Правая ладонь, неестественно тяжелая, скользнула вверх и вбок по влажной стене, нащупала дверной проем и ручку – именно в этой двери Стас видел сейчас свое спасение (или гибель: кто знает, что там, за закрытой дверью?).
Не отрывая лопаток от скользкой поверхности стены, он двинулся к проему, сделал шаг, заставляя ноги преодолеть сопротивление воды, плотной и вязкой, как кисель. Толкнул пальцами дверь (музыка вырвалась наружу, став в разы громче) и протиснулся в зал «Д», но тут же замер на пороге.
Первое, что он увидел, – фотографию во весь экран.
Не узнать ее было невозможно. Среди многих других она хранилась в семейном альбоме в бархатистой алой обложке в доме Платовых. Старая, выцветшая фотография, затертая по краям.
С экрана на Стаса смотрел умерший дед.
Снимок был сделан в гараже, а дед, поджарый, совсем не похожий на тех, кому за семьдесят, держал в одной руке снаряженный для ловли щуки спиннинг, а другой опирался на капот своего «Москвича», такого же молодцеватого на вид.
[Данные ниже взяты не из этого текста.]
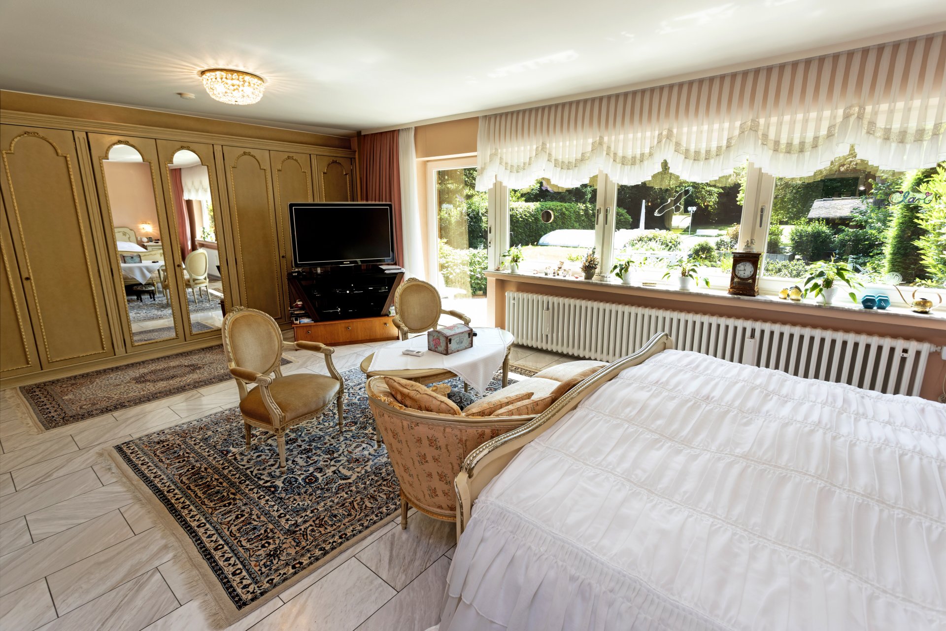Sanitärbereiche: Haupthaus Erdgeschoss: Gäste-WC mit Fenster sowie Tageslichtbad mit Whirlpool- Badewanne und Dusche/ Dachgeschoss Tageslichtbad mit Dusche und Whirlpoolwanne, weiteres Tageslichtbad mit Dusche/ separate Einliegerwohnung: Gäste-WC und innenliegendes Wannenbad, Kellergeschoss: Weitere Dusche und separater Whirlpool sowie Gäste-WC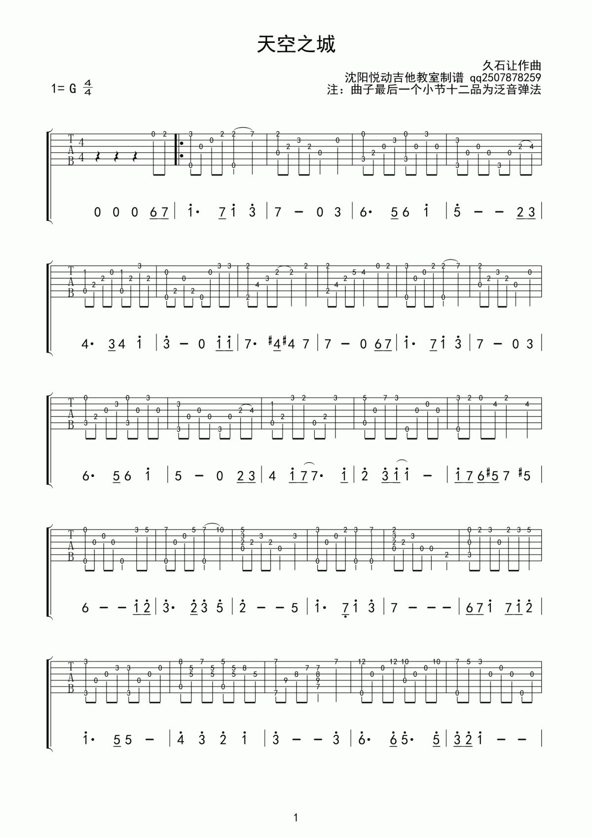 曲谱介绍: 久石让《天空之城》吉他谱天空之城吉他指弹谱简单版下载,我们同时也为你准备了多种版本的的“天空之城吉他谱”做指弹独奏练习。这首歌是由网站提供的。这首歌的格式是画谱。您可以通过网站的搜索功能进行搜索。希望你会喜欢。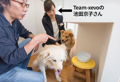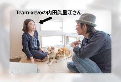 Team-xevoの內田眞里江さんと。くつろぎスペースは窓も低めで犬が外を眺められるようになっている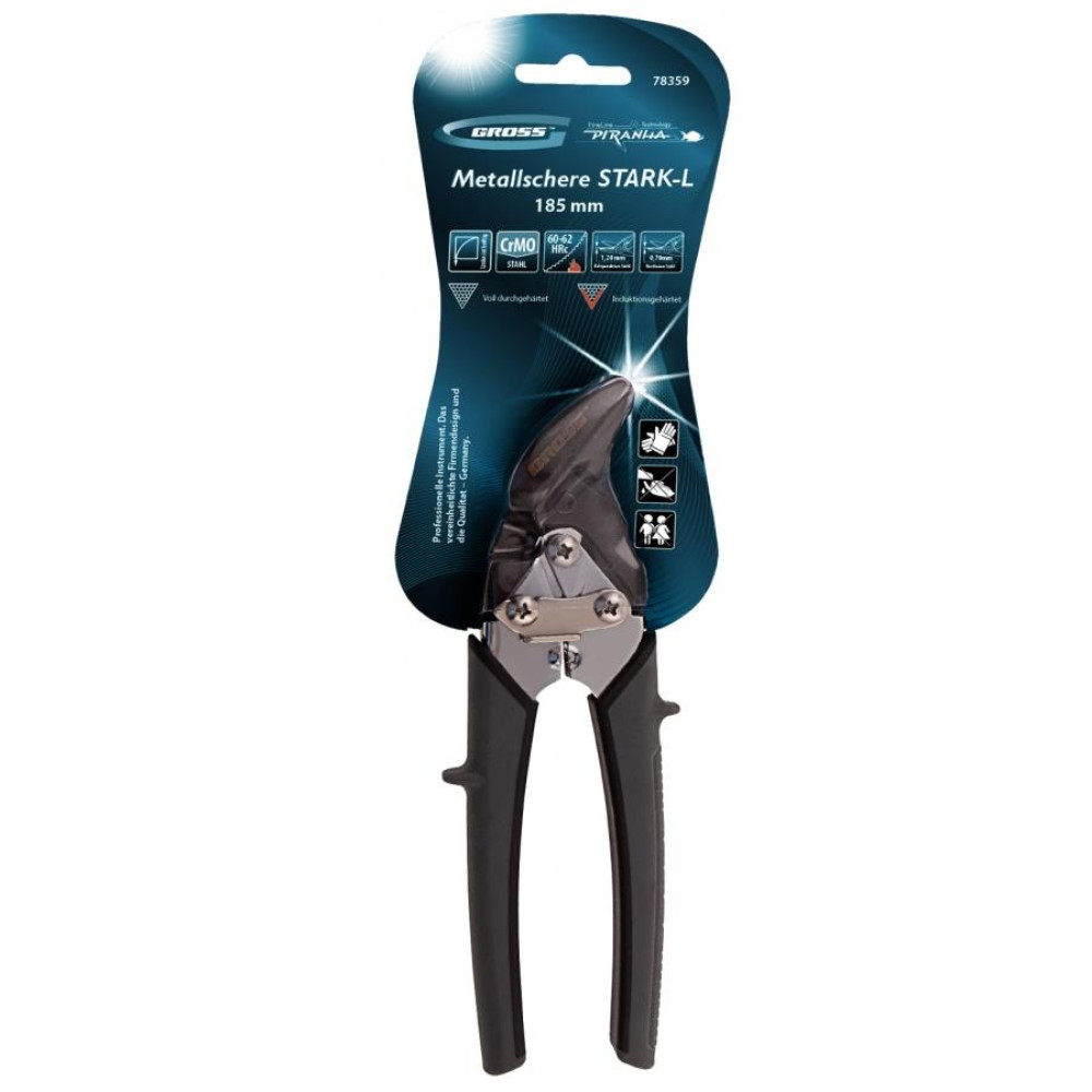 Ножницы по металлу Gross PIRANHA 78359 длиной 185 мм, из стали CrMo, с двухкомпонентными рукоятками, предназначены для прямого и криволинейного левого резания листовых заготовок. Двойной рычажный механизм экономит усилия и повышает производительность ножниц. Общая длина инструмента составляет 185 мм, поэтому он удобен для работы в труднодоступных местах. Ножницы рекомендованы для профессионального применения, пригодятся также и в быту.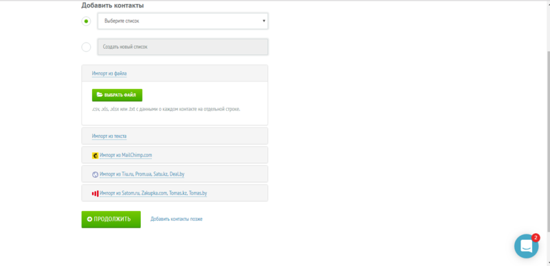 Загружаем базу данных в форматах csv, xls, xlsx, txt или заполняем все вручную. Также можно импортировать контакты из других сервисов или сайтов: MailChimp.com, Tiu.ru, Pro.ua и др.

Совсем некстати Стас вспомнил, что у машины вечно скрипела передняя подвеска, а с указателем поворота порой включались «дворники». И этот цвет… («Деда, неужели он так и называется?») Цвет «Валентина» – сочный, сине-фиолетовый – всплыл в памяти и словно окрасил, оживил мертвую фотографию и те полустертые воспоминания, запрятанные Стасом даже от самого себя.
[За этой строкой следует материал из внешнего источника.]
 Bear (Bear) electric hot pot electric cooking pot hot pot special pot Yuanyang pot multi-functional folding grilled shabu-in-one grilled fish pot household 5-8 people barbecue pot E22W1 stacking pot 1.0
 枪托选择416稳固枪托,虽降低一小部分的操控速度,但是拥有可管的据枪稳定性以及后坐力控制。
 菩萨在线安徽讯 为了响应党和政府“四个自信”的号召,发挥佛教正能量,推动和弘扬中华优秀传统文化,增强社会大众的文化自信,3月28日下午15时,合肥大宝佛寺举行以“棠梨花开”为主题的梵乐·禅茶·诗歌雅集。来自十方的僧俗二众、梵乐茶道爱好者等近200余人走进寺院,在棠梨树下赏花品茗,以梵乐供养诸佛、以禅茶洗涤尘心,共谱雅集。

Дед медленно наклонил голову и взглянул Стасу прямо в глаза.
– Ох, господи…
Стас отшатнулся и чуть не вывалился обратно в холл, но успел ухватиться за дверной проем.
Ноги ослабли, из них будто вынули кости.
Все это казалось дурным сном, слишком дурным, слишком ненастоящим. Стас внутренне ждал, что кто-то сейчас тряхнет его за плечо, опустит меж лопаток кулак, ударит по щекам и выбьет из него этот затянувшийся кошмар.
Экран погас, фотография исчезла, и включилась подсветка зала. Стас прищурился, вгляделся в очертания пустых красных кресел и заставил себя медленно двинуться вниз. Что бы ни происходило, ему важно спуститься. Жизненно важно.
Там, на противоположной стороне, находился пожарный выход, легко отпирающийся изнутри без ключа, стоило лишь сдвинуть щеколду. Правда, ту часть зала, где маячила спасительная дверь, не меньше чем на метр залила вода.
Тут краем глаза Стас заметил, что в одном из кресел кто-то сидит и смотрит на него.
Сидит и смотрит.
Музыка оборвалась, из колонок послышался глухой треск, и уровень воды каким-то непостижимым образом стал выше почти вдвое. Стас будто ухнул в яму, провалившись по грудь.
Последние крупицы воли испарились, его накрыл животный отупляющий ужас, в голове зашумело. Он вжал голову в плечи, будто ожидал удара по затылку, и, повинуясь странному инстинкту, ринулся со ступеней вниз, в самую глубину.
Он упорно греб ледяную воду и самому себе напоминал попавшего в водоворот осла, испуганного и глупого. Но ведь ему осталось совсем чуть-чуть. Еще чуть-чуть продержаться, еще чуть-чуть, чтобы добраться до заветной двери.
Не добрался.
Сначала свело одну икроножную мышцу, следом – вторую. Тело выгнулось в долгой конвульсии, потеряло всякую чувствительность и перестало слушать приказы мозга. Стас хотел задержать дыхание и рвануть к поверхности, но ничего не вышло – вода снова его победила.